SAST Tools & Static Code Analysis: The Complete Developer Guide
Written by the Rafter Team
Static Application Security Testing (SAST) tools analyze your source code for vulnerabilities without executing it. They catch SQL injection, cross-site scripting, hardcoded secrets, insecure configurations, and dozens of other flaws before your code leaves the development environment. For developers shipping code daily, SAST is the fastest way to find security issues—before attackers do.
The market for static code analysis tools has exploded. Semgrep, SonarQube, CodeQL, Snyk Code, Checkmarx—each tool makes bold claims about detection rates and developer experience. But choosing the wrong SAST tool wastes engineering time on false positives, misses critical vulnerabilities, or creates pipeline bottlenecks that slow your entire team. This guide cuts through the noise with a practical, developer-focused breakdown of how SAST works, which tools actually deliver, and how to integrate static analysis into your workflow without friction.
SAST catches bugs that unit tests miss. A test verifies that code works correctly—SAST verifies that code works safely. SQL injection, path traversal, and insecure deserialization don't cause test failures, but they cause breaches. If you're only running tests, you're only checking half the picture.
Try Rafter free — connect your GitHub repo and get your first SAST scan in 30 seconds to 2 minutes.
How Static Code Analysis Works
Static analysis examines source code, bytecode, or binaries without running the application. Think of it as a code reviewer that reads every line, traces every data flow, and checks every pattern against a database of known vulnerability signatures—at machine speed.
The Analysis Pipeline
Every SAST tool follows roughly the same pipeline:
-
Parsing: The tool parses your source code into an Abstract Syntax Tree (AST)—a structured representation of your code's logic, variables, and control flow.
-
Semantic analysis: The tool resolves types, scopes, and function signatures. It understands that
getUserInput()returns a string and thatdb.query()accepts SQL. -
Taint tracking: This is where the real security analysis happens. The tool traces data from sources (user input, HTTP parameters, file reads) through propagators (string concatenation, variable assignment) to sinks (database queries, HTML output, system commands).
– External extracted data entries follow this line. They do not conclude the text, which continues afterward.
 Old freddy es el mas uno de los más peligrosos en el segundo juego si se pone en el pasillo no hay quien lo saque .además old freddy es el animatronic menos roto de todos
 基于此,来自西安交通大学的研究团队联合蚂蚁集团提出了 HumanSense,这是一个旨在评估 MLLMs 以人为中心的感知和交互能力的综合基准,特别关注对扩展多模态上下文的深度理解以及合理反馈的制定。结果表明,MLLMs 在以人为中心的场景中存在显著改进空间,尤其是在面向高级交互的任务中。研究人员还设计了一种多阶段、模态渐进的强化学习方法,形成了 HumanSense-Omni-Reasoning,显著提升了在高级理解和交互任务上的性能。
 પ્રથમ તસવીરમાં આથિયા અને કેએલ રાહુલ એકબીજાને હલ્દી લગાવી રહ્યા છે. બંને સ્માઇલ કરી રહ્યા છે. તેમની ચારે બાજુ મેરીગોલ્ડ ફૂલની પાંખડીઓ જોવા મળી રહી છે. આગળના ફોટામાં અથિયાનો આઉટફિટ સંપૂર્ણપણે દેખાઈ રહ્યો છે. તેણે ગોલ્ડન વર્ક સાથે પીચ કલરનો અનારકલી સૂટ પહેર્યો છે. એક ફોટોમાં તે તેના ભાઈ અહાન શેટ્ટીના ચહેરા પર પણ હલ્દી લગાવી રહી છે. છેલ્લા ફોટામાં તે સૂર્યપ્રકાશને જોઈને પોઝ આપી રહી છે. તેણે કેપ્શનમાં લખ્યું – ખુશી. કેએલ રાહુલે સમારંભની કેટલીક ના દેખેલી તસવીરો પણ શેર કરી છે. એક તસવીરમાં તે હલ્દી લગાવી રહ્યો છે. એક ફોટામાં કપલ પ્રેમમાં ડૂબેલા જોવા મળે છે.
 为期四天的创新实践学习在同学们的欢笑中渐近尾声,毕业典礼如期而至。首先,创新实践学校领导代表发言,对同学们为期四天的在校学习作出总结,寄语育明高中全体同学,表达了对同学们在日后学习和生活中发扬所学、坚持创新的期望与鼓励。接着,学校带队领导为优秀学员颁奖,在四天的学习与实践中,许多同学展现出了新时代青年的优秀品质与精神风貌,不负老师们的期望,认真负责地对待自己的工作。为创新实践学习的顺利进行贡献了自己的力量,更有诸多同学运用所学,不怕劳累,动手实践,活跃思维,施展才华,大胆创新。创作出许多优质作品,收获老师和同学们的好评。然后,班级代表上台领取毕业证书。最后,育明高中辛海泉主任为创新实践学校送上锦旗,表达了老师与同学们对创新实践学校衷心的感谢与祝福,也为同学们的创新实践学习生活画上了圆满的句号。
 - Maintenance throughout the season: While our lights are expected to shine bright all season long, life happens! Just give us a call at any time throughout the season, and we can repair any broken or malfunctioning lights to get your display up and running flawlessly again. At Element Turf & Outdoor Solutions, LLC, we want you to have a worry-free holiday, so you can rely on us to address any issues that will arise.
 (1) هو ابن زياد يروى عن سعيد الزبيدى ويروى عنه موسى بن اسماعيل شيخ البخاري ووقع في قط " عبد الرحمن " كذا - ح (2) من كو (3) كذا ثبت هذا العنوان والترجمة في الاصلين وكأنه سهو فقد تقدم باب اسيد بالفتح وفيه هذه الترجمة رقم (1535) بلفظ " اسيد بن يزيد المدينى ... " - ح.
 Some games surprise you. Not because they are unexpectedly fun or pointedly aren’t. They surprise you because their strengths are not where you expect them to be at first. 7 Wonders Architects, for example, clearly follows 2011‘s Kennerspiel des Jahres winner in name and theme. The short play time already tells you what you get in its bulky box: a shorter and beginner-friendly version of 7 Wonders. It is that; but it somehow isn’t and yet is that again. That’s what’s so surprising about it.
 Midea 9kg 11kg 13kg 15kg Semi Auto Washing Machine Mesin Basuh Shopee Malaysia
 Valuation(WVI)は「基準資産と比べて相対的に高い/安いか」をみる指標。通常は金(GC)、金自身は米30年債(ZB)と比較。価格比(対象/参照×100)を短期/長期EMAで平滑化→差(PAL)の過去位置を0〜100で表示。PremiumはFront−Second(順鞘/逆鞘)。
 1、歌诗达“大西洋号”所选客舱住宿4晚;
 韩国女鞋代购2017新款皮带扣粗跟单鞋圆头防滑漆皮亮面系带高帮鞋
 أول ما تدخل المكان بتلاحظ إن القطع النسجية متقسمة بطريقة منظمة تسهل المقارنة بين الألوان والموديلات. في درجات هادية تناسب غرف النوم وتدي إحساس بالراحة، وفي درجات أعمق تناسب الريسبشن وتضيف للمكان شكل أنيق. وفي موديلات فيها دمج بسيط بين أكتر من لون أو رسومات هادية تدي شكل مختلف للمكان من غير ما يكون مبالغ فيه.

If untrusted data reaches a dangerous sink without sanitization, the tool flags a vulnerability.
-
Pattern matching: Beyond taint tracking, SAST tools match code against known-bad patterns: hardcoded credentials, insecure cryptographic algorithms, missing authentication checks, debug endpoints left in production code.
-
Reporting: Results are deduplicated, ranked by severity, and mapped to CWE (Common Weakness Enumeration) categories for standardized vulnerability classification.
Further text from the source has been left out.